I received a rather disturbing news release this week from the West Virginia Professional Charter School Board. The piece detailed a $12.3 million federal grant to expand charter schools in West Virginia.
With these federal tax dollars, the WVPCSB intends to double the number of authorized charter schools (now 4 – that will make 8) in the state and triple the number of students enrolled in charter schools by 2028. The PCSB plans to administer eight subgrants over the grant period—five to newly created charter schools and three to expanding charter schools already serving West Virginians. The subgrant competitions are expected to begin in December, with awards announced in April.
West Virginia’s inaugural four charter schools opened in the Fall of 2022 and have 1,200 certified enrollees. The federal grant award—in conjunction with West Virginia’s recently enacted (but not-yet-funded) Charter Schools Stimulus Fund—will make West Virginia a more attractive place for quality developers to open and expand schools, the news release said.
What it didn’t say is that this is a two-fold attack on public education. First, this is our federal tax dollars at work. The main task seems to be to broaden the attack on the already problematic financial world surrounding our public schools in the Mountain State.
I have previously written in this space about the money that charter schools have already taken from public education. Currently, that figure hovers around $5 million, if memory serves me correctly. The news release says the federal grant will “triple the number of students enrolled in charter schools by 2028.” That will amount to another $10 million being taken from public education. How devastating will that be on an already cloudy financial picture? Will programs decrease? Will taxes rise to compensate for the shortage? There are literally a ton of unanswered questions that surround this whole mess. All I know is that taking public money to fund private schools is not the answer.

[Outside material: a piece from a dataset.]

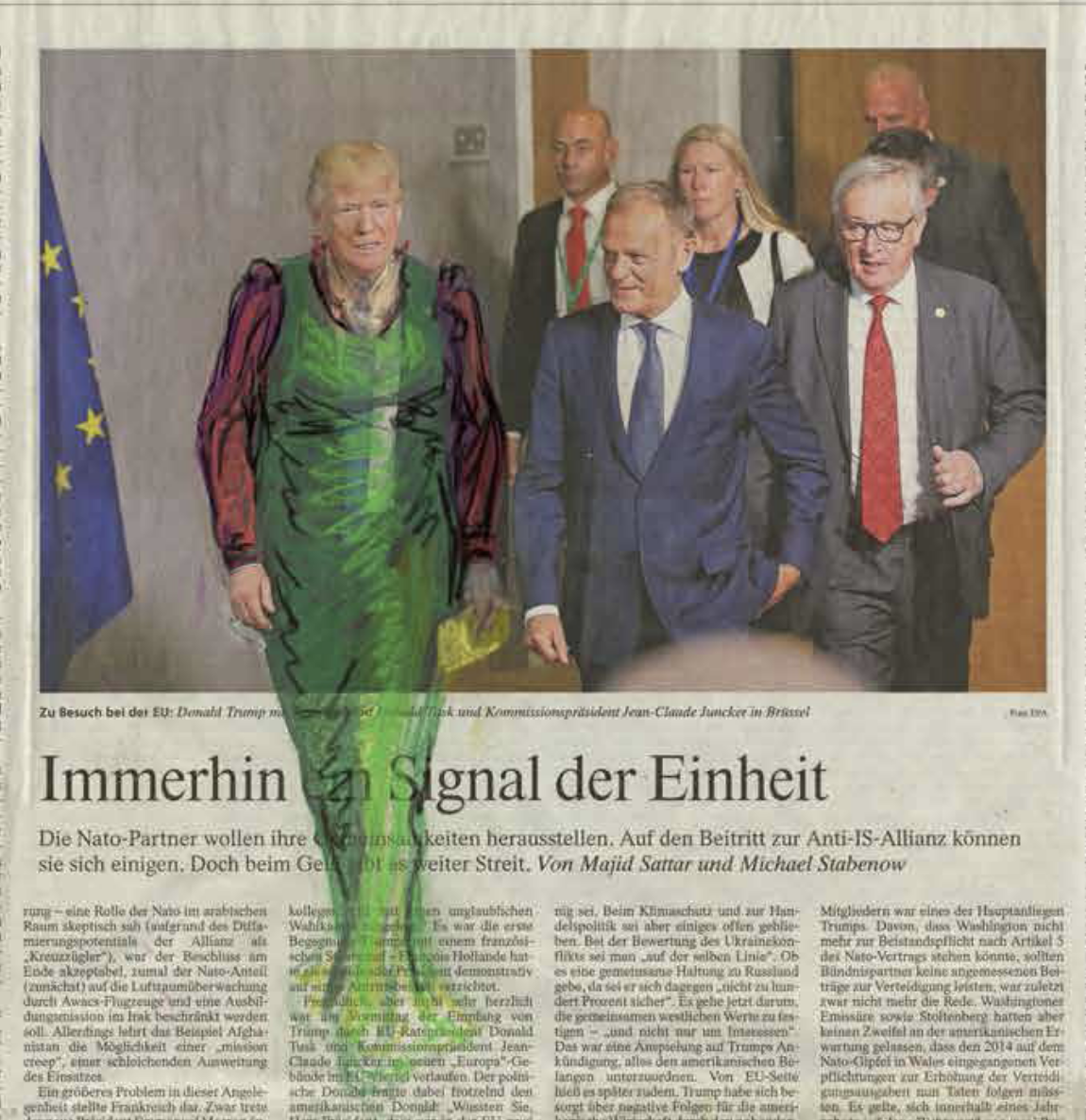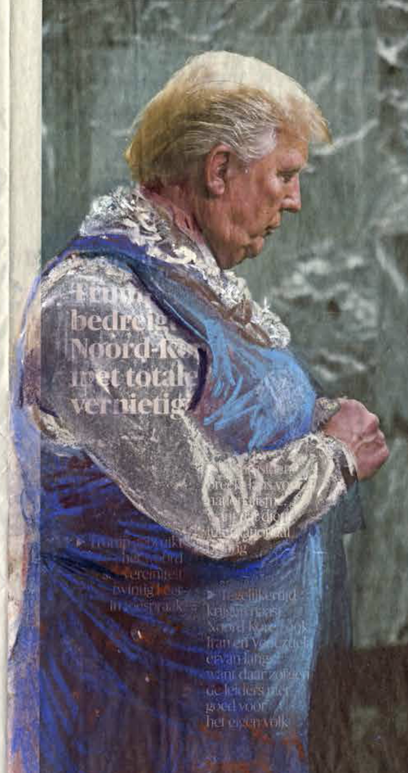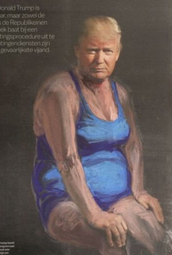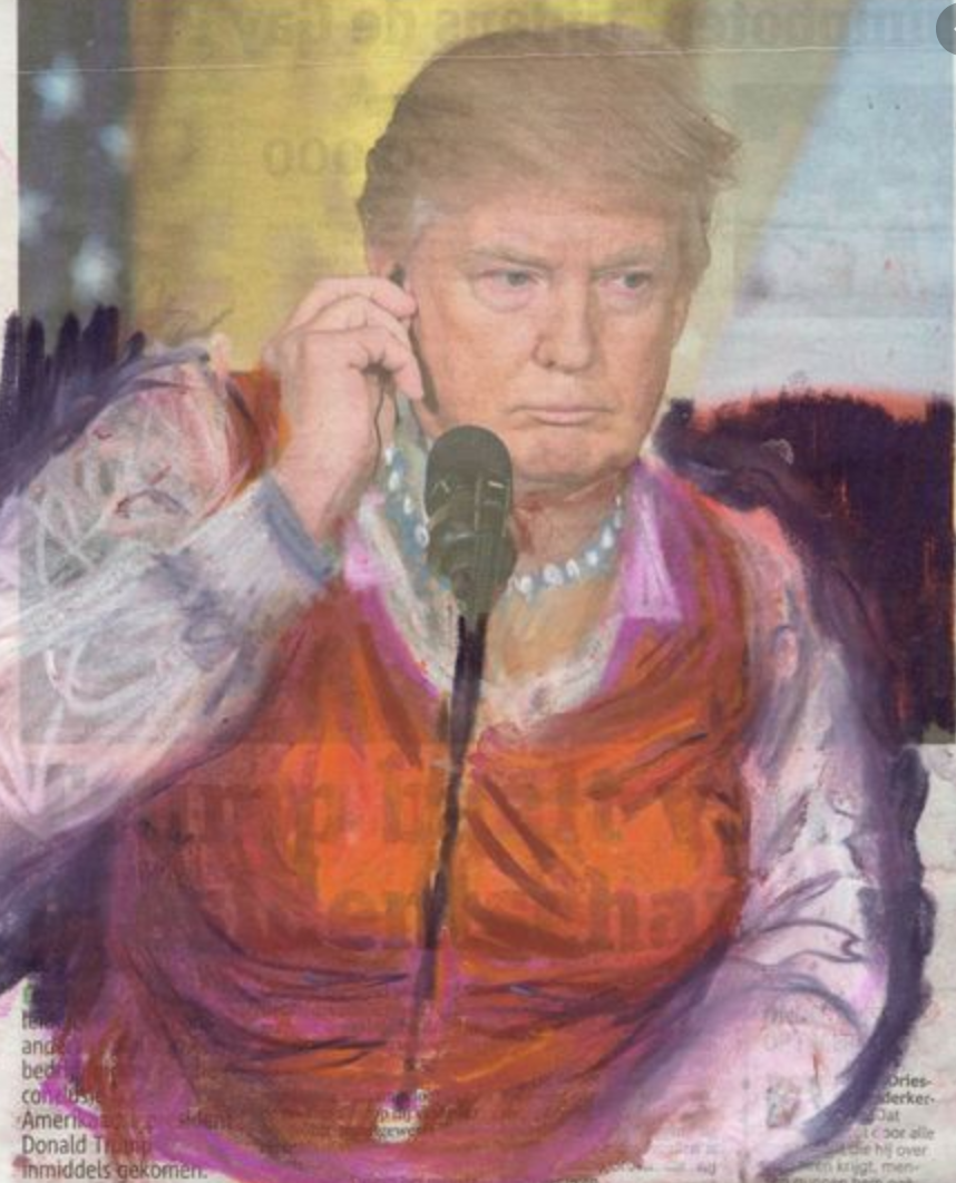 An excellent title with drawings by Nijkamp , which remind me of the early drawings by Frank van Hemert influenced by Anselm Kiefer. but……visiting her site i noticed that she had published a complete series of Donald Trump dressed in Womans Clothing. A “funny” series of pastel drawings on international newspapers. It is not funny only , but it shows some criticism towards Donald Trump and his presidency. Trump takes poses like the great states man he think he is, however…..the drawings make fun of him and puts his presidency into perspective. The best one is the Obama meeting. Obama is the statesman and Trump the one with a dress on. I can not vote for any US president , but i wish i could and i would not have any doubt who to vote for.

And then there is the matter of this… Charter Schools Stimulus Fund. The news release says it has not yet been funded. Where is the money going to come from? The republican controlled legislature didn’t seem to have any problem forcing the charter school bill through. Why haven’t they come up with a funding stream for this additional shot at public education – the Charter Schools Stimulus Fund? When will our leaders wake up and see just how detrimental this is going to be for the vast majority of our children that rely on public education?